May 21, 2024

Celeste – ‘Not Your Muse’ – confirmation of the breadth of a major vocal talent

POLYDOR RECORDS      29th Jan, 2021

It’s been a strange year for Celeste. In some ways her skywards trajectory has been slowed by COVID-19, in other ways she has flourished despite it all. Gathering plenty of attention before gig restrictions, she was set to tour with Michael Kiwanuka in March but the tour was cancelled due to Kiwanuka getting laryngitis. Then COVID put paid to the rest. Despite that, there have been singles and an EP, and a couple of songs placed in high profile media spots. ‘Somebody Stop This Flame’ was selected as the theme to Sky Sports’ Premiere League – it is a speedy and fun slab of soul where Celeste’s voice opens into a belter. ‘A Little Love’ got into everyone’s home via the John Lewis TV ad. A very classic 50s song, delivered in a little vulnerable voice, it is the sort of thing Peggy Lee would have done.

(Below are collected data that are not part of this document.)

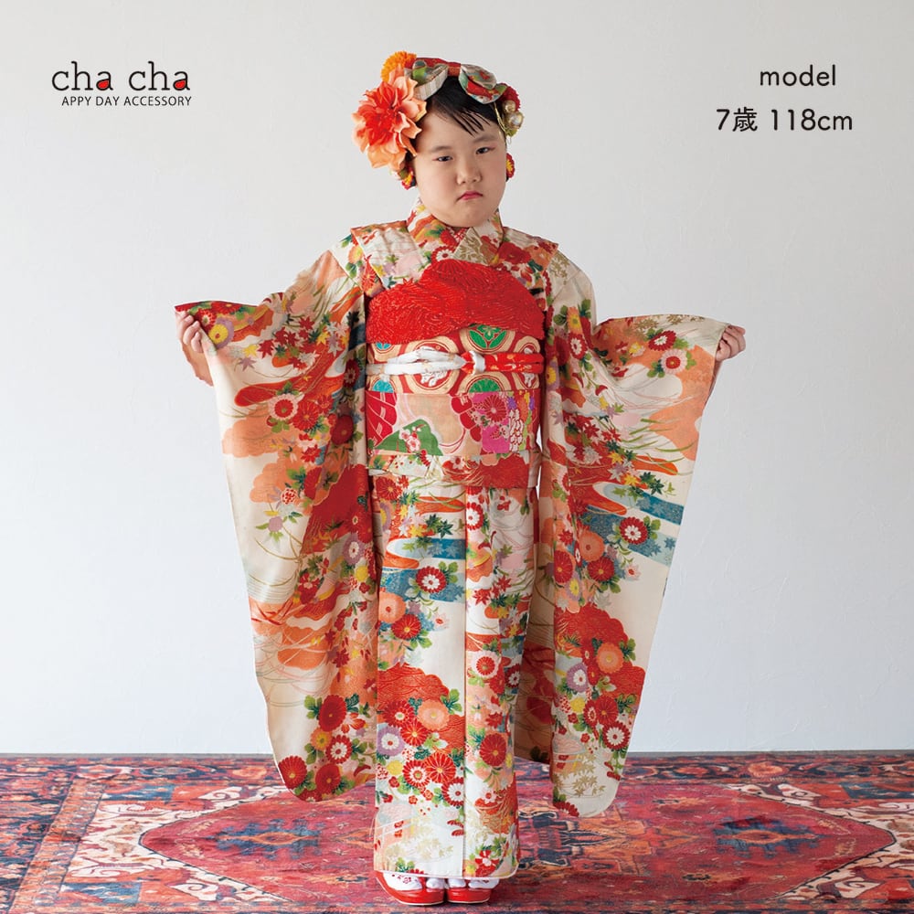 [kim013]6歳7歳8歳/116〜131cm【レンタル商品】[お着物&髪飾りセット]七五三・2部式セパレート着物
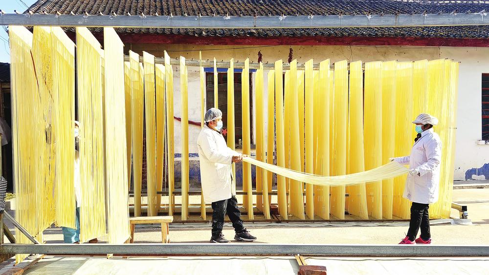 随着口碑不断传播,他家的挂面成了当地响当当的农家品牌。因为是纯手工制作,制作时间长,产量上不去,为了满足乡亲们的需求,郭师傅着手办起了合作社,带领大家把手工挂面产能扩大。眼下,正是挂面生意最兴隆的时候。
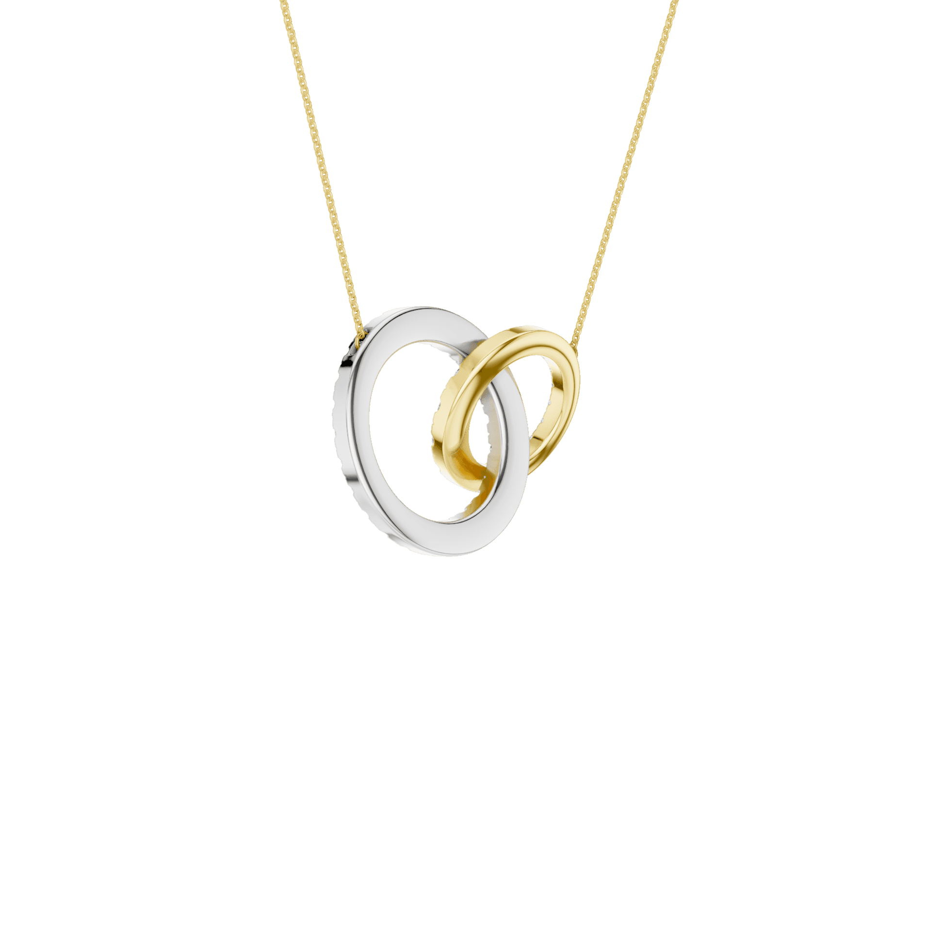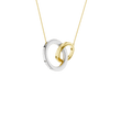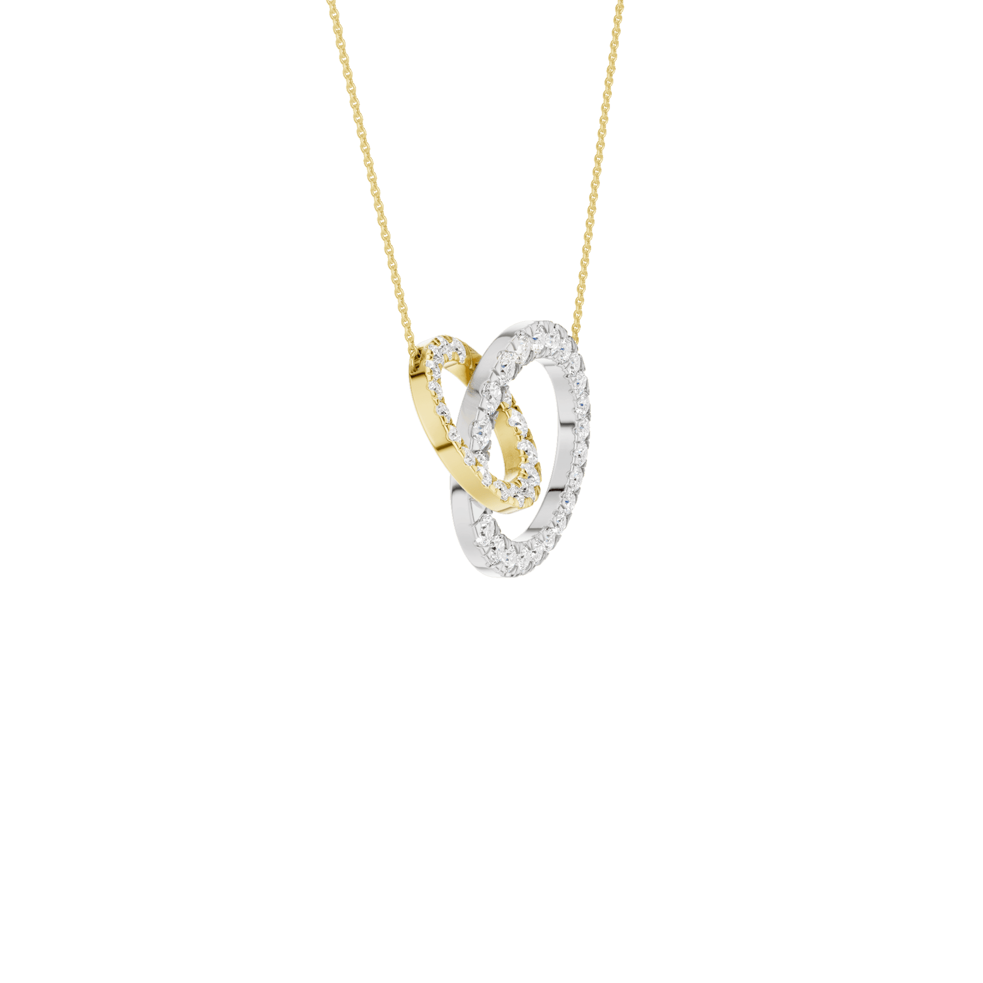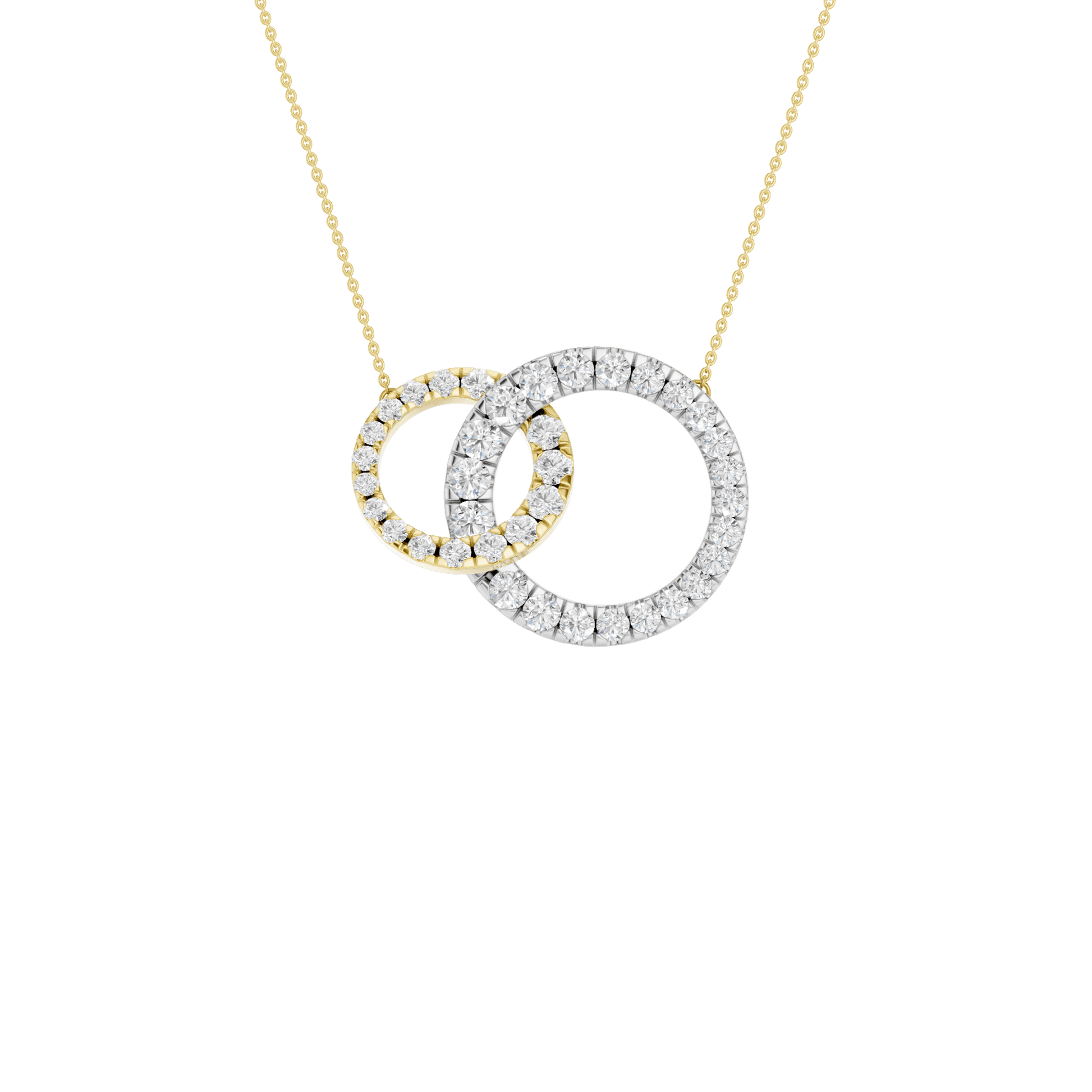 Celebrate connection and elegance with this timeless interlinked circle pendant. A 14KT yellow+white gold diamond-studded smaller circle gracefully intertwines with a larger diamond-studded circle, creating a symbol of unity and endless possibility. The diamond circles sparkle with 1.00 carat total weight of brilliant lab grown round diamonds, offering sustainable luxury and exceptional radiance. Suspended from a delicate chain, this pendant is perfect for layering or wearing solo for effortless sophistication.
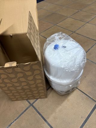Depósito para sistema de ósmosis inversa. - Color blanco. - Tapa azul.
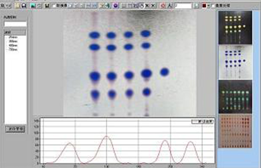 薄層成像系統(tǒng)YOKO-2002-A是本公司為了滿足當(dāng)前薄層色譜分析以及分析需要設(shè)計的新產(chǎn)品,它處理速度快和分辨率高,而且具有噪音小、線性好的特性。儀器由光源、光學(xué)采樣系統(tǒng)、薄層色譜色譜工作站三大部分組成,薄層色譜工作站是目前國內(nèi)開發(fā)的軟件,對儀器可全自動的控制同時還可對薄層色譜斑點進行定量處理,定量精度與進口產(chǎn)品相近、滿足高校日常分析的需要,省時省力是您實驗室的好助手。薄層色譜成像系統(tǒng)的使用成本低。專門為企業(yè)GMP認證打造 .為滿足2020版一部附錄VIB薄層色譜法的規(guī)定,開發(fā)了薄層色譜成像系統(tǒng)YOKO-2002產(chǎn)品。
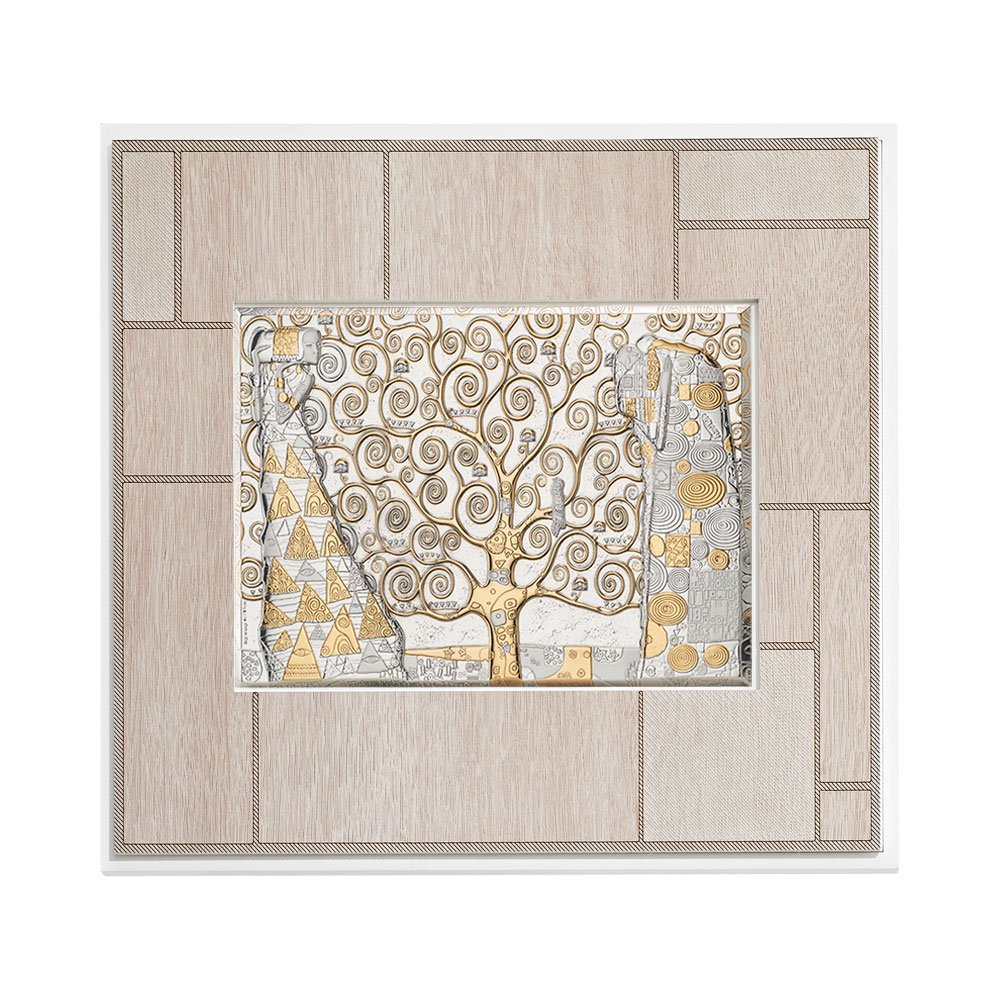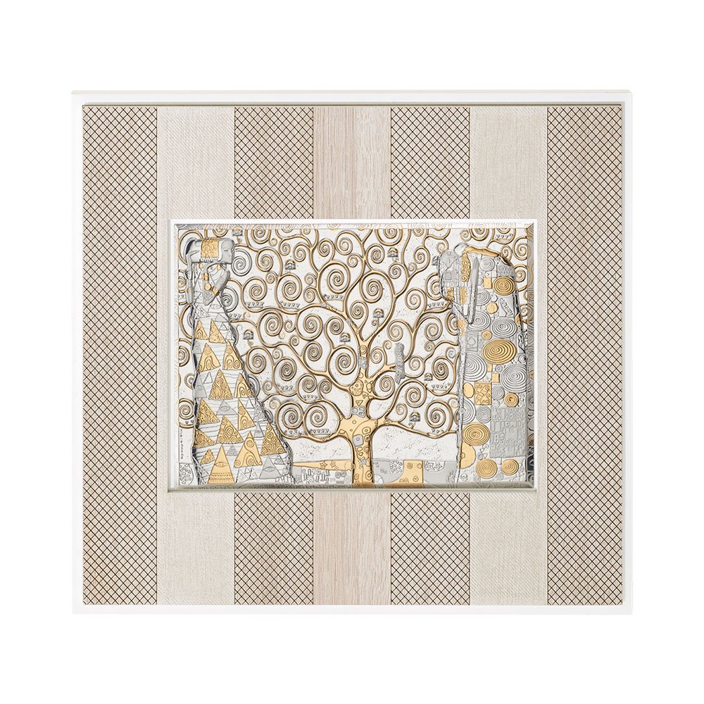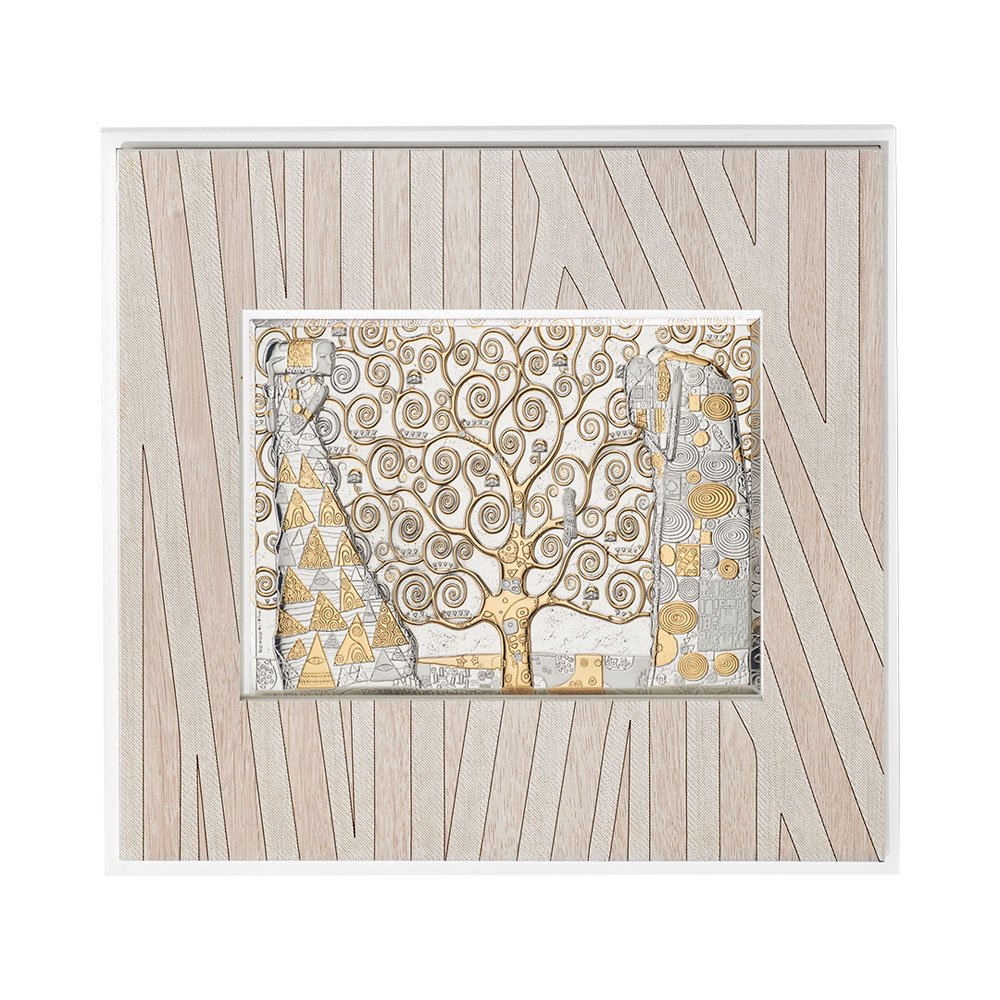 QUADRO MODERNO ALBERO DELLA VITA DI KLIMT IN ARGENTO BILAMINATO CON PARTICOLARI IN ORO DA APPOGGIO E DA PARETE

Enjoy this album now. It won’t be long till Cleeste is ubiquitous and you’ll tire of hearing these songs everywhere, in shops, clubs, bars (though you won’t care, because just getting out will be soooo good!). There are all the flavours of classic soul and jazz in her voice and comparisons with Sarah Vaughn, Peggy Lee and Amy Winehouse are justified. Allied to an ability to deliver anywhere between a hushed, nearly cracking quiet and diva belting level, there can’t be anyone who won’t find something to love.

The dreamy smoky opener, ‘Ideal Woman’ sets the scene, ‘Tonight Tonight’ has jazzy drums, hinting at urban beats, along with a sweeping, swinging chorus to go with the husky voice. ‘Strange’ is a glacially slow unpicking of emotional change has a lovely Billy Holliday twist in the chorus vocals and was a single. ‘Tell Me Something’ is another big, filmic pop belter and contrasts with the title tune, where a nice light accompaniment allows Celeste to use the lighter aspects of her voice and the lovely catch to it. ‘A Kiss’ is a standout track, crooned with a smoky voice on a catchy simple melody. ‘Beloved’ is playful and harks back to jazz / standards albums on Capitol Records in the 50s. The biggest hitter is ‘Love Is Back’; a close, expressive and confiding voice alternates with full power vocal flight, driven on punchy horn punctuation. It’s quite Amy Winehouse and less distinctive than other tracks.

It does seem that there is a tricky line to walk between mass pop appeal and the things that make Celeste’s voice her own. This reviewer believes that the more she stays herself, the firmer she will build her reputation and career. That is demonstrated on the closer, ‘Some Goodbyes Come With Hellos’, where classic styling and simple guitar backing creates a new jazz standard. This album just confirms the promise of the singles; Celeste is a major vocal talent and whether she sticks with her own material or interprets other songs, she will be a fixture in the music landscape for a long time. Personally, I hope she sticks with the jazzy focus.